Entry
- Trend filter: price > 200-day SMA
- Long entry: 2-period RSI < 10 (or < 5 for even rarer signals)
- Enter at the close or at the next open
Exit
- Close > 5-day SMA (classic Connors exit)
- Alternative: RSI-2 > 70
- No stop-loss in the original version — the trend filter is the safety net
| Name | Typ. value | Description |
|---|---|---|
| rsi_period | 2 | Extremely short RSI |
| oversold_level | 10 (oder 5) | Buy zone |
| trend_ma | 200 | Filter for the higher-level trend |
| exit_ma | 5 | Exit trigger |
Pros
- Very high win rate (psychologically comfortable)
- Short holding periods — little tail risk
- Clear rules, fully mechanical
- Tested across 25+ years and various regimes
Cons
- Misses large trend moves — exits too early
- Weaker on crypto/forex (not enough mean-reversion character)

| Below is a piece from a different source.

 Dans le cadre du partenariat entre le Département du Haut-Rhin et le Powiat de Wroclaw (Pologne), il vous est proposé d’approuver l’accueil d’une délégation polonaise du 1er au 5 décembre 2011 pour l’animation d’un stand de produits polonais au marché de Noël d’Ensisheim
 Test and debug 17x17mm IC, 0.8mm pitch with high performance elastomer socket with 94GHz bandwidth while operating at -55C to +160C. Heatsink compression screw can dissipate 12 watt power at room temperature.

- Dangerous without a stop-loss when the trend filter fails (e.g. flash crash)
- Long-only under the original rules — no short setups
Core idea
Larry Connors took the well-known RSI indicator and turned two dials to the extreme:
- Period set to 2 instead of the classic 14 → extremely sensitive to short-term price moves
- Threshold set to 10 instead of 30 → only truly extreme oversold states trigger
The result is an indicator that, in strong uptrends, pinpoints exactly the brief 1-3 day pullbacks after which mean-reversion sets in with very high probability.
The rules
SPY > SMA(200) ← trend filter (only trade in bull markets)
RSI(2) < 10 ← oversold entry
→ Long
Close > SMA(5) ← exit as soon as price stabilizes
Why it works
The trend filter is the key. Without it the strategy tries to buy dips in bear markets → catastrophic drawdowns. With it, it only buys in structurally bullish markets, where even short pullbacks are typically absorbed.

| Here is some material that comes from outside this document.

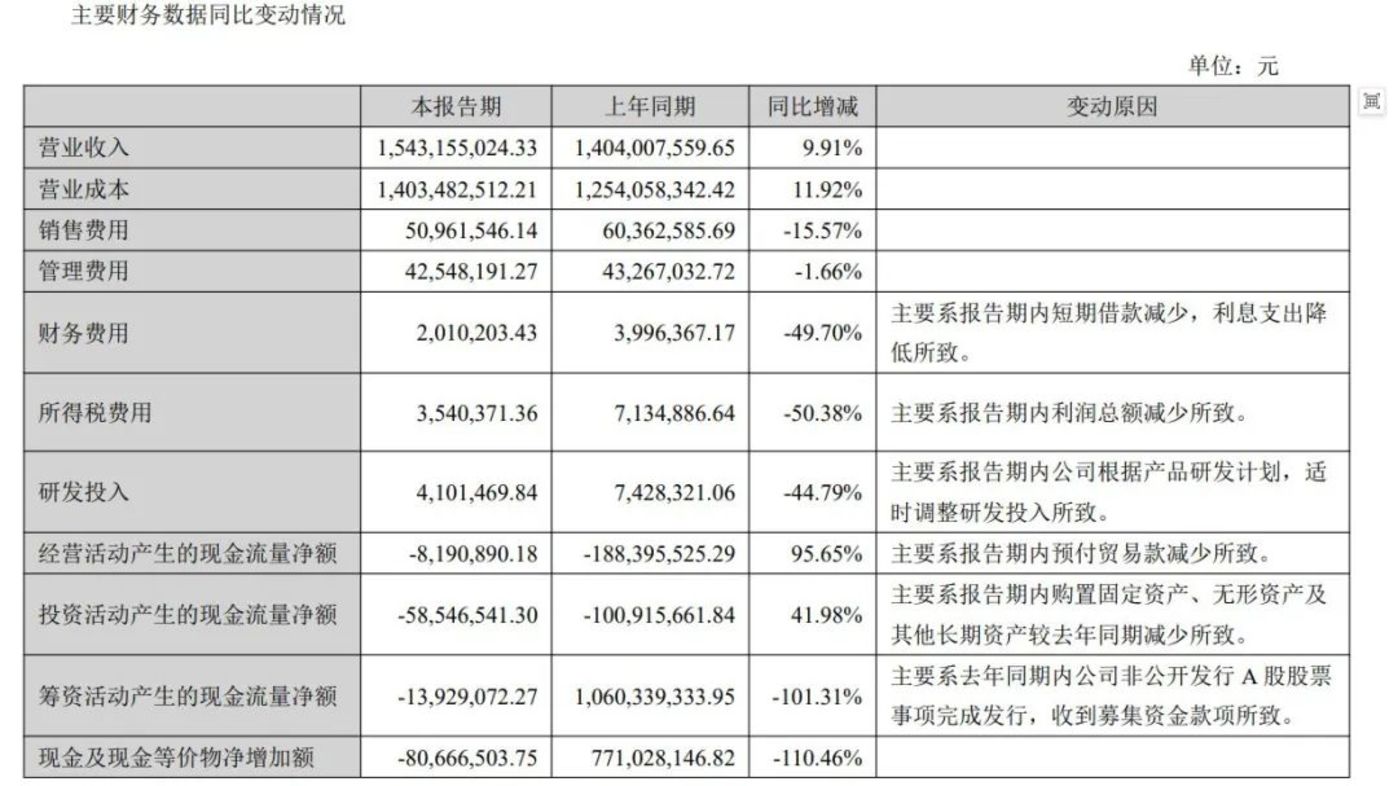 过去半年里,得利斯降低了研发、管理、销售等多项成本费用。

Psychologically: when SPY closes red for 3 days within an uptrend, market participants start to panic-sell. That is exactly the 'blood in the streets' moment where long-term buyers step in cheaply. Connors' RSI-2 captures this moment mechanically.
Evidence
Backtests 1993-2025 on SPY: - Win rate ~75-80% - Average holding period 3-5 days - CAGR ~8-12% (less than buy-and-hold, but with far less time in the market) - Max drawdown ~15-20% vs. ~55% buy-and-hold during the GFC
Limits
- Does not work on assets without structural mean-reversion (commodities, FX).

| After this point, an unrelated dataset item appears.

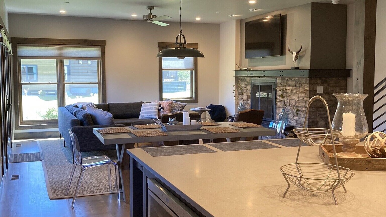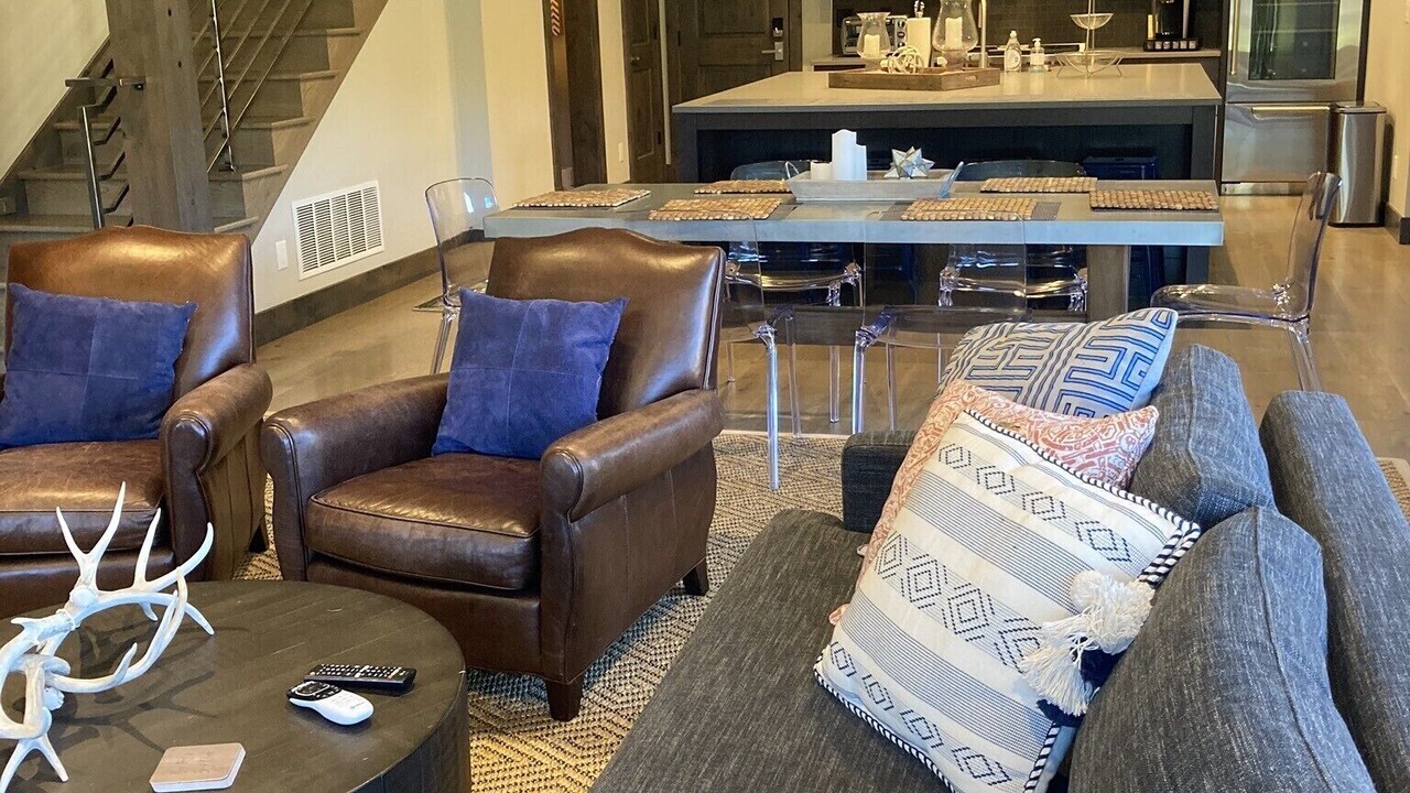 Be one of the exclusive few to enjoy this new modern rustic luxury home in Town Center. Enjoy mountain views with your coffee. This custom built contemporary home has high end interior finishes including professional quality kitchen appliances (Wolf cook-top, oven and microwave/convection; and Sub Zero refrigerator, freezer and beverage cooler); all the cooking equipment to make your favorite meal; large Weber grill; cozy and warm gas fireplace (no need to haul in wood); heated garage large enough to hold your auto and sporting equipment (even equipped with a boot/helmet/glove dryer.) The family room is large for all to gather to enjoy conversation by the fireplace or watch the large flat screen Smart television.

- Problematic on crypto: BTC can close red 7 days in a row and then simply keep falling — its mean-reversion character is markedly weaker.
- No stop-loss: there is none in the original form — if the trend filter fails (flash crash, gap-down), the loss is potentially large.
Relevance for Botty
BTC on the daily is not a Connors market. But: on higher timeframes during bull phases (price well above the EMA-200, low vol), an RSI-2 entry could serve as a supplementary pullback filter for Botty long strategies. Not recommended as a stand-alone strategy.